FY19 turning to black, but weaker 4QFY19. VELESTO managed to turn around in FY19 from losses last year, thanks to healthier rig utilisation (80% vs 73%). 4QFY19 posted core net profit of RM8.1m – a steep decline both YoY and QoQ. The poorer quarterly results were due to lower rig utilisations of 86% versus 92% in 3QFY19 and 91% in 4QFY18, as two of its rigs (namely Naga 3 and 7) underwent their mandatory five-yearly Special Periodic Survey (SPS).

An even stronger FY20 to come. Moving forward, VELESTO is set to post an even stronger year in FY20, as all seven of its rigs already have contracts at hand and will be utilised throughout the year. Meanwhile, a possible rate renegotiation with Petronas Carigali upon extension of contracts for rigs Naga 2, 3, 5 and 6 (existing firm period contracts set to expire in at around mid-FY20) could also act as another catalyst for the stock, should the renegotiated rates be higher than existing ones. We believe should a renegotiation take place, it would most likely be announced by end-2QFY20.

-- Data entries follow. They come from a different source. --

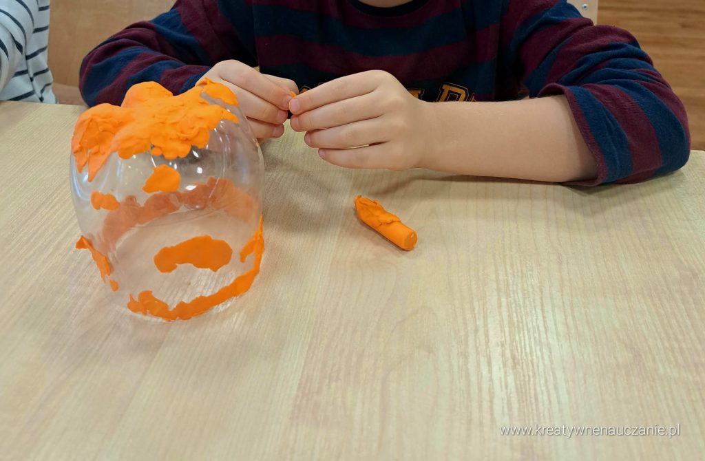 Pierwszoklasiści oklejali butelki plasteliną. Następnie wykałaczkami robili oczy i buzie.
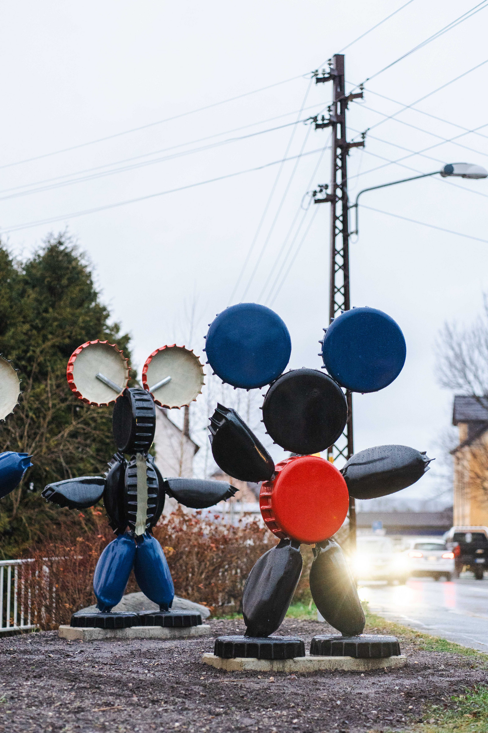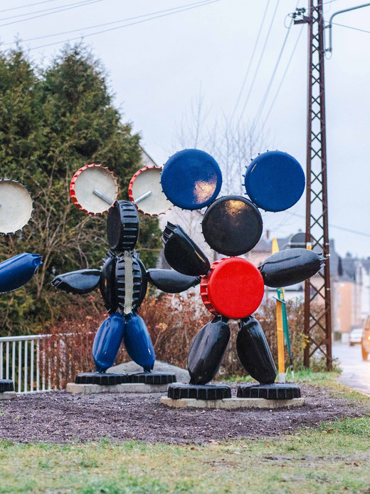 St Mary's Church, municipal administration, fire brigade, savings bank, model railway club, school - these are all central pieces of the mosaic that make up Heimat here in the centre of Gersdorf. Right next to the primary school is the Purple Path artwork 'Heimatensemble' by Jan Kummer. In terms of motif, he takes up the handicrafts made from crown corks that were made here and elsewhere during the GDR era. This association was obvious, as there is an important employer just a few minutes' walk away: the Glückauf brewery in Gersdorf.
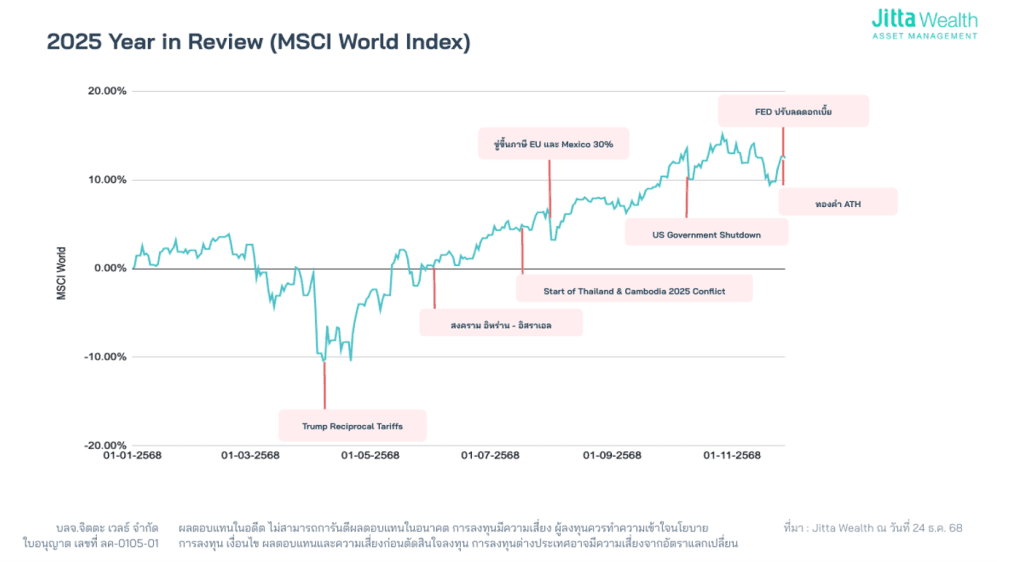 สำหรับภาพรวมการลงทุนโลกในปี 2568 ถือเป็นอีกปีที่นักลงทุนทั่วโลกต้องเผชิญกับความไม่แน่นอนจากหลากหลายมิติ ที่มากระทบกับอารมณ์ของนักลงทุนที่ต้องเผชิญกับความผันผวนรุนแรง แต่สิ่งที่ได้เรียนรู้ คือ นักลงทุนที่ยังลงทุนอย่างมีหลักการและรักษาวินัยในการลงทุนไว้ได้ ยังช่วยให้พอร์ตลงทุนได้รับผลกระทบน้อยและเติบโตได้ต่อเนื่อง ได้แก่
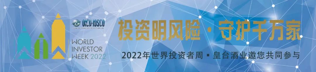 2022年10月8日-14日為“2022年世界投資者周”,本次活動主題為“投資明風(fēng)險,守護(hù)千萬家”。為貫徹落實監(jiān)管部門投資者保護(hù)工作的部署要求,加強(qiáng)投資者教育保護(hù)的國際交流合作,積極響應(yīng)“2022年世界投資者周”活動號召,皇臺酒業(yè)在監(jiān)管部門的指導(dǎo)下,將以“投資明風(fēng)險,守護(hù)千萬家”為主題,開展投資者教育和保護(hù)宣傳,面向投資者做好證券基金期貨知識宣傳普及,引導(dǎo)投資者學(xué)習(xí)金融知識,樹立正確投資理念!
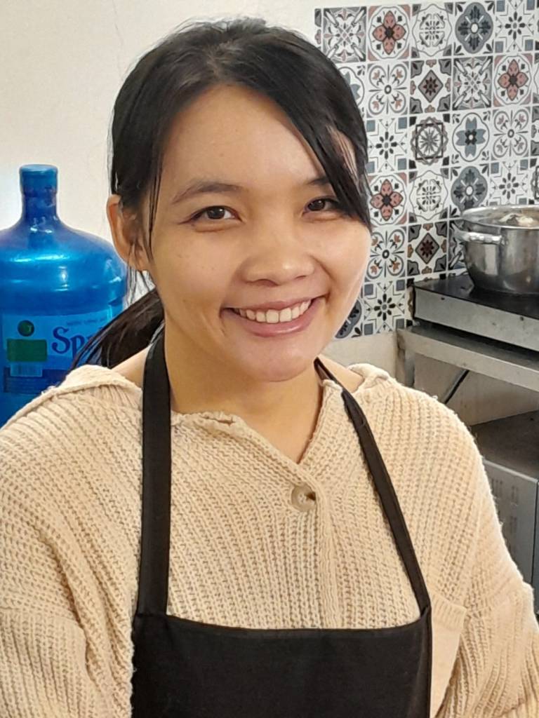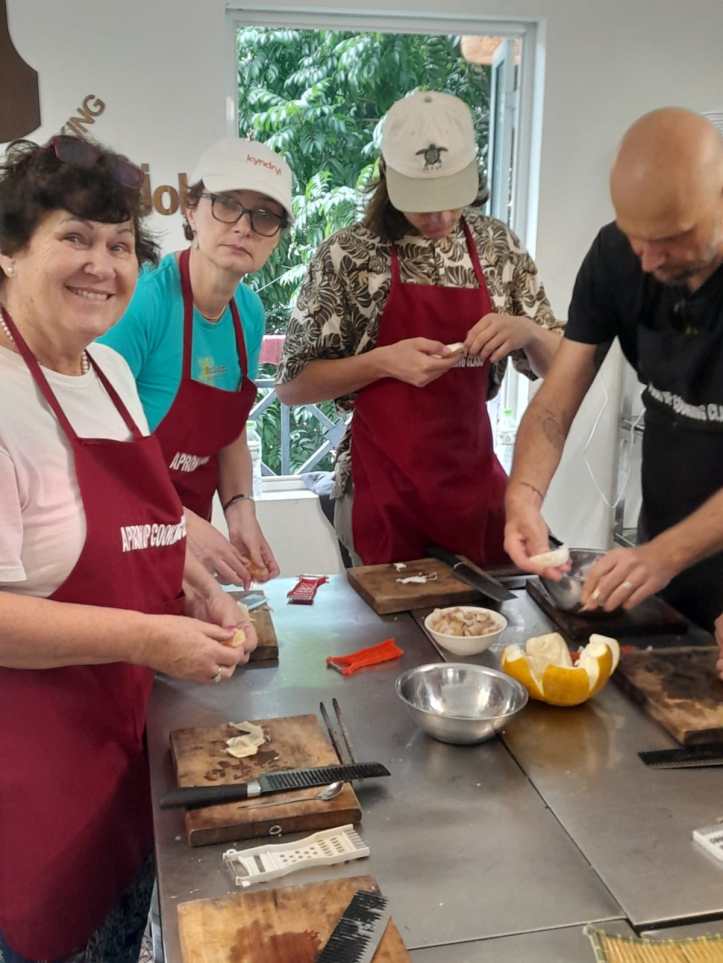 We put on aprons and stood around a large table to cut, chop and listen. I won’t go through how to cook it as I don’t remember it all but here are my observations and things I didn’t know:
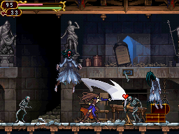 Shanoa is the rare Castlevania hero who is neither a Belmont descendant nor in any way related to them. Though of this distinction, she is the traditional adventure-RPG character. Using her ability to absorb "glyphs" (similar to how Soma Cruz can steal enemy souls), the at-first-limited Shanoa will channel her way to a huge arsenal of attacks--these being the usual striking weapons, projectiles and special maneuvers--that cover for three categories: Main, Back, and Sub; she can combine any three glyphs to unleash a Glyph Union, a superpowered attack that comes at greater expense. Too, she'll amass an inventory of different armor types, which will offer her increased protection against the dark forces. To view the available glyphs and armor types, please visit Ecclesia's weapon page.

Maintain OUTPERFORM, with unchanged TP of RM0.43 pegged to 1.2x FY20E PBV – which is still close to -1.5SD below its 5-year mean valuations. Post-results, we made no changes to our FY20E forecasts, but introduce new FY21E numbers. Our forecasts are based on the assumptions of: (i) 90% rig utilisation, (ii) USD75k/day and USD77k/day daily charter rates for FY20 and FY21, respectively, and (iii) MYR/USD exchange rate of RM4.10/USD. We continue to like VELESTO given its clear earnings visibility for the next 1-2 years. Key catalysts would include continued earnings delivery, and the aforementioned renegotiation of rates, on top of further contract awards. The name is also an ESG-play within the oil and gas sector, being a constituent of the FTSE4GOOD index.

Risks to our call include: (i) poorer-than-expected rigs utilisation, (ii) weaker-than-expected charter rates, (iii) lower-than-expected margins, and (iv) stronger-than-expected Ringgit.